## INSTRUCTIONS FOR THE TASK
Print, exactly as they stand, the lines below from the one that has "Pravítko 30 cm" to the one that has "A 9ct gold charm", inclusive, leaving out the pictures.

=====

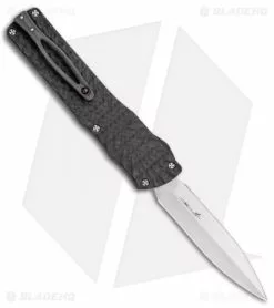 This custom Twist Tighe OTF offers a stunning Brian Tighe design with a 3D machined aluminum and carbon fiber handle. The hand-satin finished RWL-34 steel blade comes in a dagger style with a plain edge. Item includes a titanium pocket clip and a carbon fiber thumb slide. Add an instant upgrade to your knife collection with the Brian Tighe Custom OTF.
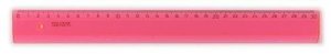 Pravítko 30 cm vyrobené z růžového průhledného polystyrenu.
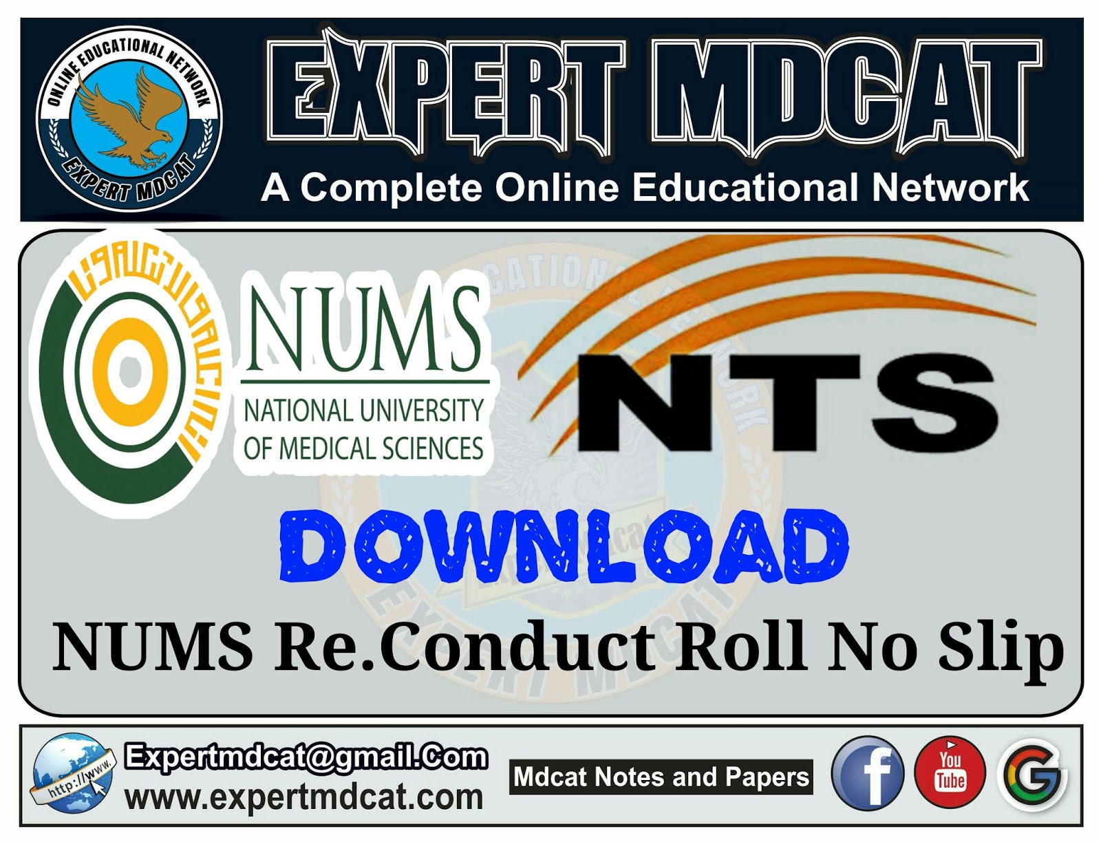NUMS has issue the new admitance card for test.
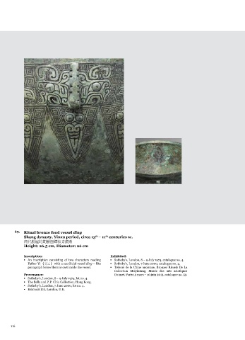Collection Meiyintang, Musée des arts asiatiques ▪ Yu Xingwu, Shang Zhou Jinwen Luyi, 1957, no. 49. 于 sales), Shanghai 2007, no. 43. 劉雨 & 汪濤《流散歐美
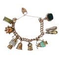 A 9ct gold charm bracelet with assorted 9ct gold charms, inc...
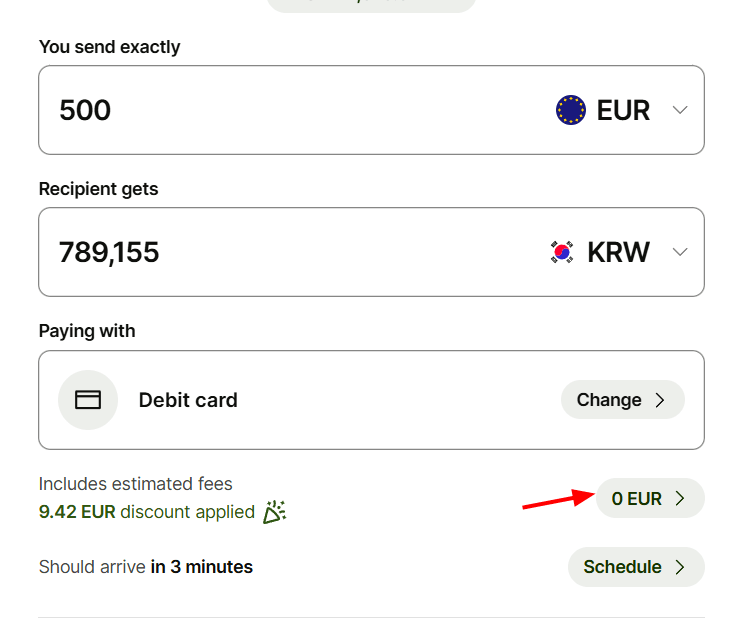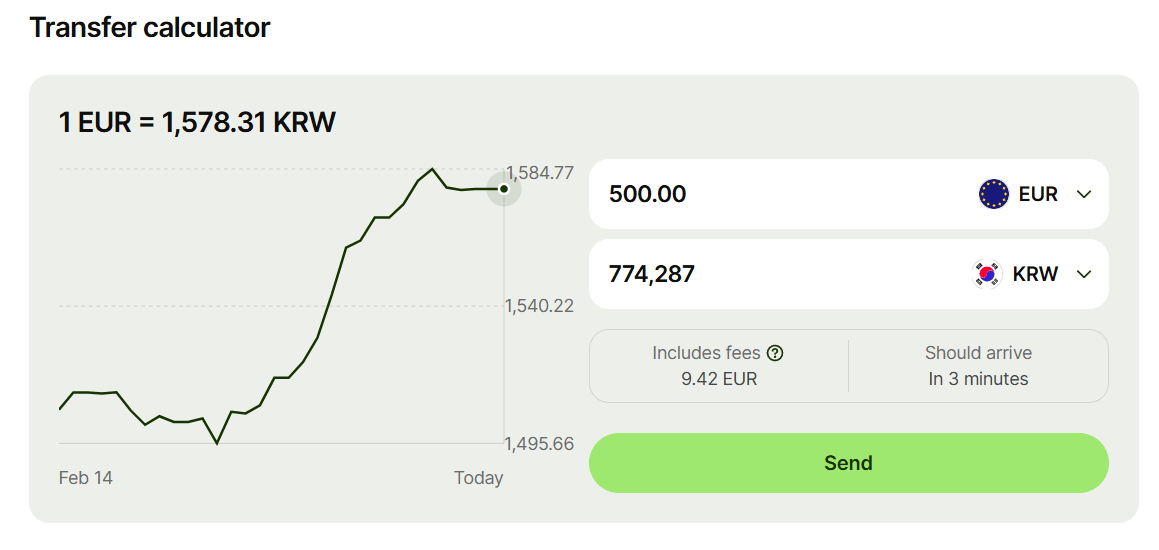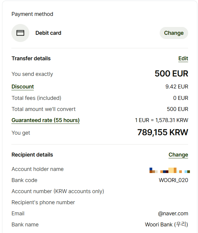 Wise 수수료의 경우 송금하는 금액에 따라 달라지는데, 500유로 송금시는송금 시는 약 1.8%의 해외송금 수수료가 5000유로 송금 시는 약 0.73%의 수수료를 지불하게 됩니다.
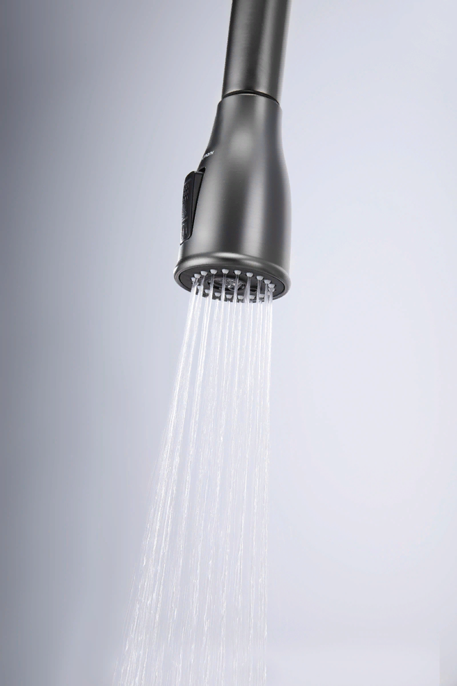 Встроенная в кран насадка на длинном гибком шланге с металлической оплеткой. Насадки с кнопкой могут переключать обычный излив воды на душ.
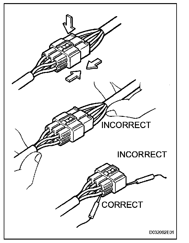 - As a waterproof connector cannot be checked from the backside, check it by connecting a sub-harness.
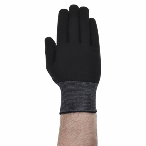 Черные НЕЙЛОНОВЫЕ перчатки 15 класса (бесшовные) с нанесением черного силиконизированного ПВХ (микроточка).
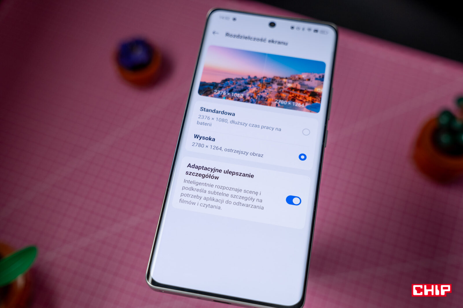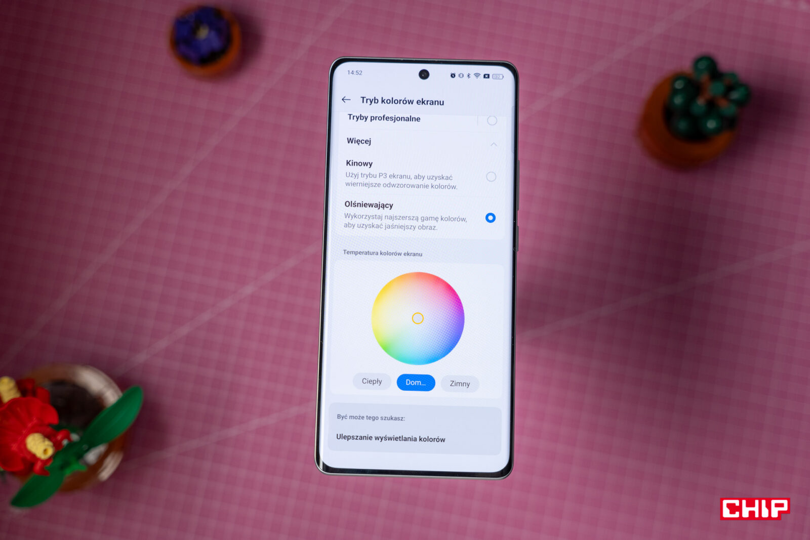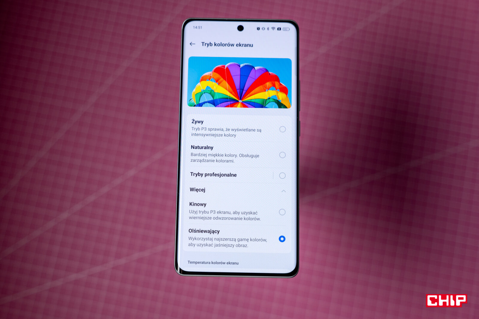 Maksymalna jasność w trybie HDR wynosi 3100 nitów i to najwyższy wynik, jaki osiągnąłem w testach smartfonów w tym roku. To jednak niejedyny parametr, w którym realme GT 6T uderza konkurencję mocniej niż moglibyśmy się spodziewać. Poza wysoką jasnością maksymalną na co dzień, smartfon wyświetla albo bardzo stonowane, albo nasycone kolory. W systemie nie brakuje opcji regulowania tych barw pod nasze preferencje, a do tego przygotowano kilka gotowych opcji.
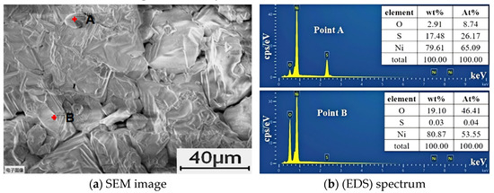 The surface of the GBE sample, following 36 h of corrosion in molten salt at 900 ℃, was analyzed using EDS. As illustrated in Figure 5, the corroded surface of the Ni200 alloy weld primarily contains Ni, O, and S, with no detectable Cl. These results indicate that the surface is predominantly covered with sulfides and oxides.
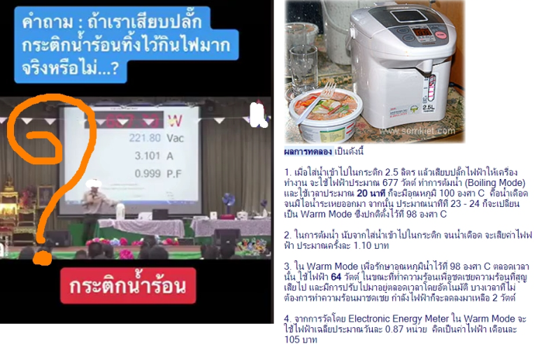 ในคลิป วิทยากรได้เสียบกระติกน้ำร้อนไฟฟ้า เข้ากับปลั๊กไฟ แล้วก็มีตัวเลขการใช้พลังงานขึ้นมาบนจอด้านหลัง สังเกตตัวเลขวัตต์ ได้ 6 ร้อยกว่าๆ แล้ววิทยากรก็บอกทำนองว่า เห็นมั้ยว่ากระติกน้ำร้อนกินไฟสูงมาก เป็นครึ่งหนึ่งของเครื่องปรับอากาศเลย หรือประมาณว่า 2 กระติกน้ำร้อนกินไฟเท่ากับแอร์หนึ่งเครื่อง ! ... นักเรียนจึงควรจะช่วยกันถอดปลั๊กกระติกน้ำร้อน ในโรงเรียน เวลาไม่ได้ใช้
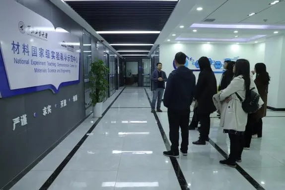 在西北工业大学,西工大材料学院党委副书记罗皎、党委副书记蔡利剑、学院副院长王洪强、碳材料师生融合党支部书记贾瑜军及党员代表一同出席了座谈会。首先西北工业大学党委副书记罗皎对我院来访人员表示热烈欢迎,随后结合学院的宣传片介绍了西北工业大学材料学院的基本情况,第三批党建双创样板支部碳材料师生融合党支部党员代表向大家介绍了该样板支部充分利用师生融合党支部和学科的优势,走党建与科研相融合的道路的建设经验,随后双方围绕支部建设、人才培养等方面进行了深入交流,在学科建设、科研成果转化等方面我院一行人员也向西北工业大学学习了先进经验。最后,在西工大老师的引导下,老师们依次到纳米能源材料研究中心、材料国家级教学示范中心、陕西省材料分析研究中心进行参观学习,促进科研交流,拓展学术视野。
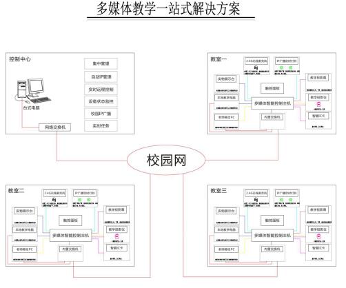 獨立控制:每個教室可用面板或本地軟件獨立控制該教室內的任意一個多媒體設備和環境設備。
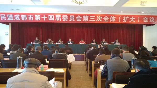 018年1月11日-13日,民盟成都市委召开第十四届第三次全体(扩大)会议,主委刘旭光,副主委杨春禧、苏蓉、吴皓、朱建华、高增安、梅健、蔡光洁,秘书长何立新出席会议。盟市委委员、基层组织负责人共83人参会。盟省委副主委、民盟雅安市委会主委彭学松应邀参会。我校民盟支部副主委程曦副教授参会。
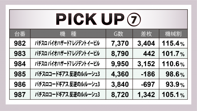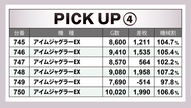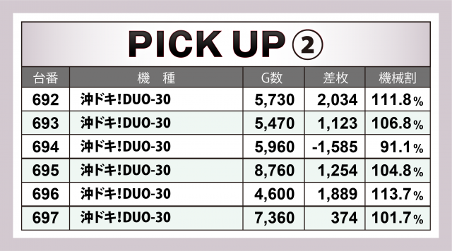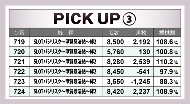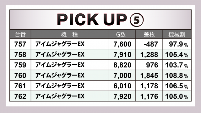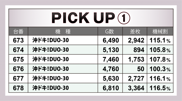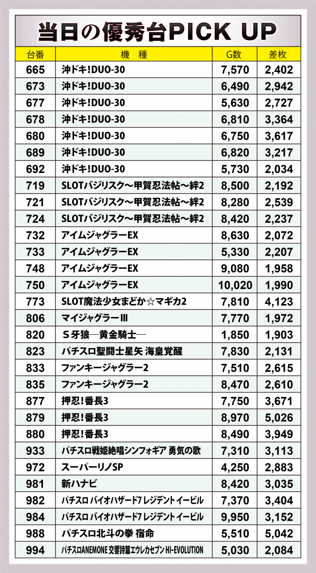 まずは当日の優秀30台のPICK UPから。後述する横並び好況スポット以外では『押忍!番長3』のプラス差枚数が光り、3台で+1万2千枚超を記録! その他でも4千~5千枚クラスの台も散見された。
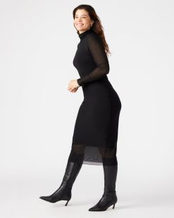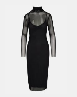 The VIVIENNE features a lined midi length mesh outer layer finished with a mock neck and thumbhole sleeves.
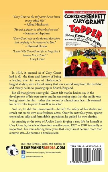 "Cary Grant is the only actor I ever loved in my whole life." - Alfred Hitchcock "He was a dream, as all works of art are." - Katharine Hepburn "Cary Grant was so far the best that there isn't anybody to be compared to him." - Howard Hawks "I acted like Cary Grant for so long that I became Cary Grant." - Cary Grant In 1937, it seemed as if Cary Grant had it all: the fame and fortune of being a leading man for one of Hollywood's biggest studios, with a life of luxury that was a world away from the hardship and misery he knew growing up in Bristol, England. But all that glitters is not gold. Grant felt that he had no say in the development of his own career, and he was seeing signs that the studio was losing interest in him...other than to just be a handsome face. He yearned for better roles to prove himself as an actor. And so, he did the inconceivable...he left the safety of his studio and struck out on his own as a freelance actor. Over the next four years, against tremendous odds and formidable opposition, he guided his own destiny. As amazing as the story of Archie Leach forging a new life for himself as Cary Grant is, the tale of these four crucible years, 1937 to 1940, is equally as important. For it was during these years that Cary Grant became more than a movie star...he became a timeless icon.
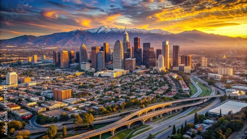 © Sirinporn, Fototapeta premium Panoramic aerial view of Los Angeles cityscape at sunset, showcasing towering skyscrapers, bustling freeways, and majestic mountain ranges in a warm, golden light.
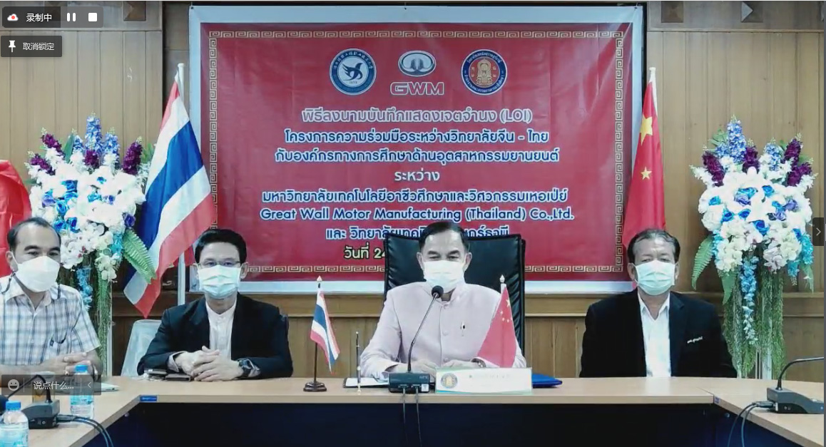 5月24日,由best365牵头成立的泰国长城班“云揭牌”暨启动仪式通过互联网云端技术在best365与泰国素叻他尼技术学院、长城汽车制造(泰国)有限公司同步举行。best365校长马东霄、副校长李贤彬,长城汽车股份有限公司人力资源部部长曹英超、长城汽车制造(泰国)有限公司副总裁李光宇、泰国素叻他尼技术学院校长施拉维等领导在两个国家三个会场见证了长城班揭牌启动。
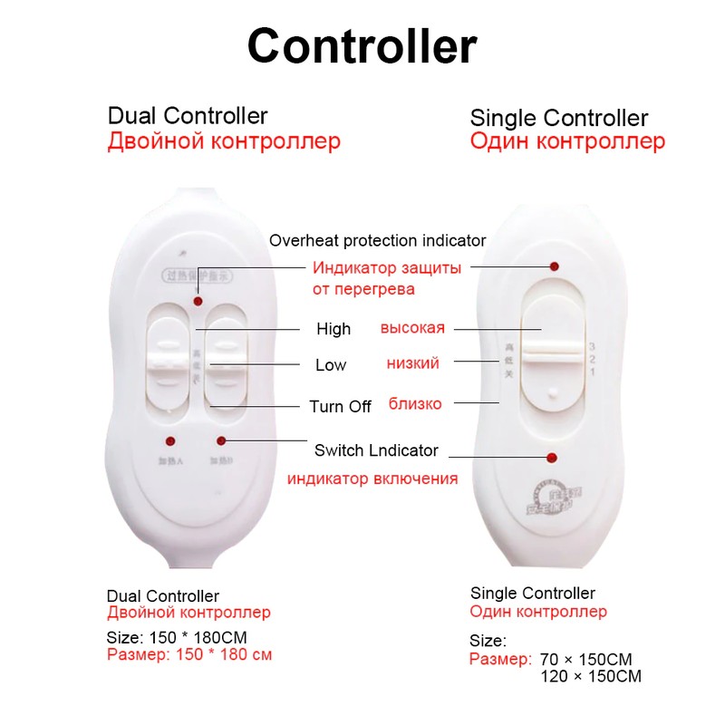 1. controlador duplo (150*180cm), existem 3 engrenagens, alta temperatura, baixa temperatura e interruptor, pode controlar a temperatura dos lados esquerdo e direito separadamente 。
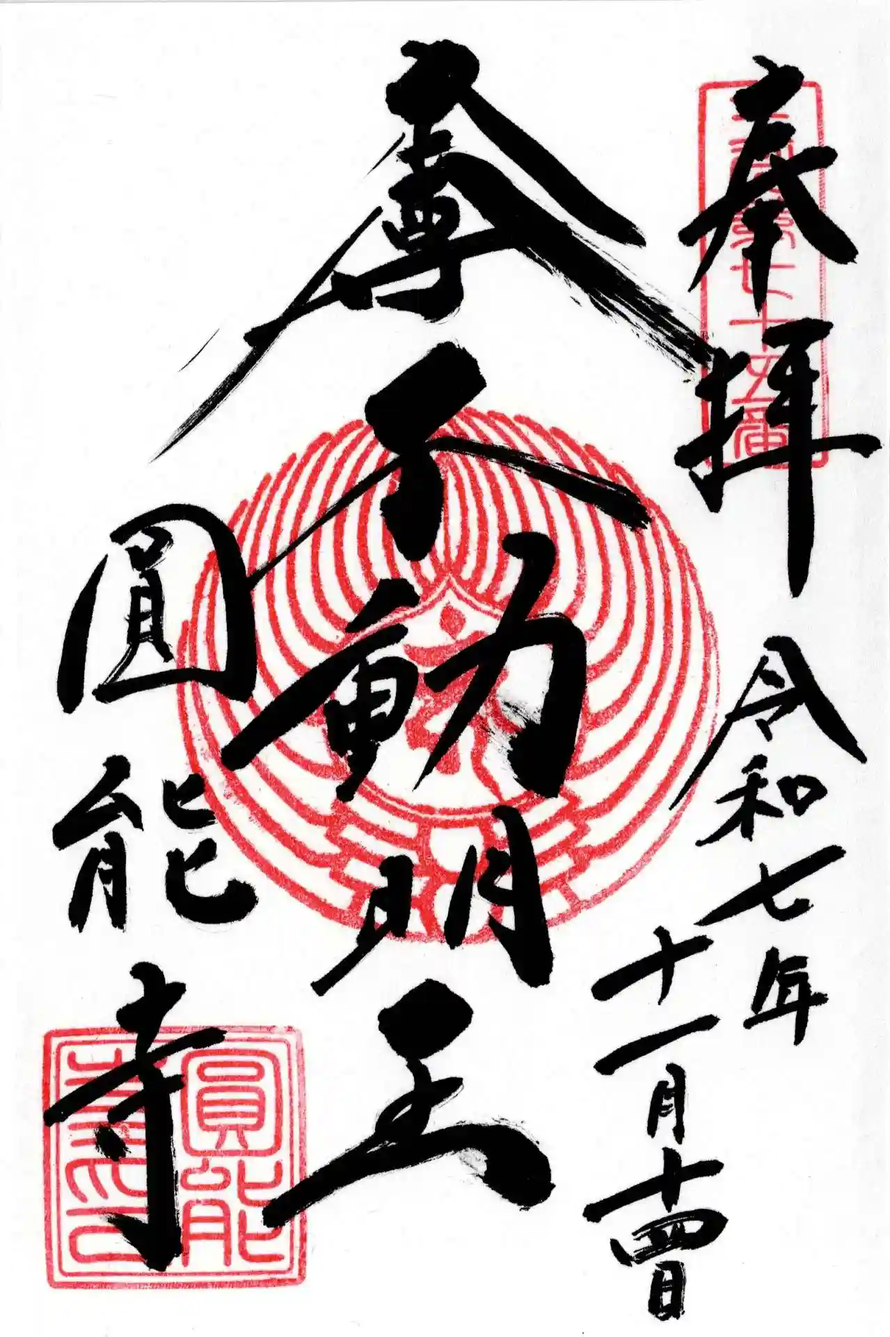 本堂にはお不動さまが祀られ、玉川八十八ヶ所霊場の札所らしい落ち着いた雰囲気が漂っています。園児の明るい声が風に混じりながらも、手を合わせるとしっかりと静寂が寄り添ってくれる、不思議と居心地の良い空間でした。
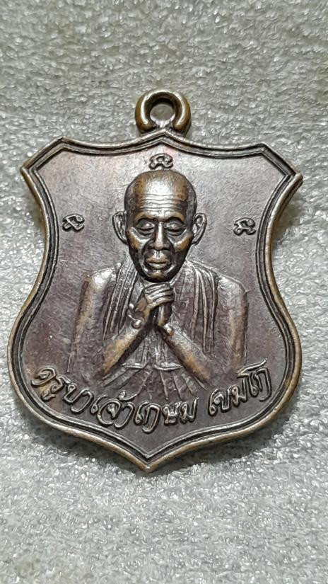 เหรียญหลวงพ่อเกษม เขมโก สุสานไตรลักษณ์ จ.ลำปาง รุ่นลายเซ็นต์ หลัง ภปร ปี 2529 |

=====

## REPLY TO THE EXERCISE
 Pravítko 30 cm vyrobené z růžového průhledného polystyrenu.
NUMS has issue the new admitance card for test.
Collection Meiyintang, Musée des arts asiatiques ▪ Yu Xingwu, Shang Zhou Jinwen Luyi, 1957, no. 49. 于 sales), Shanghai 2007, no. 43. 劉雨 & 汪濤《流散歐美
 A 9ct gold charm bracelet with assorted 9ct gold charms, inc...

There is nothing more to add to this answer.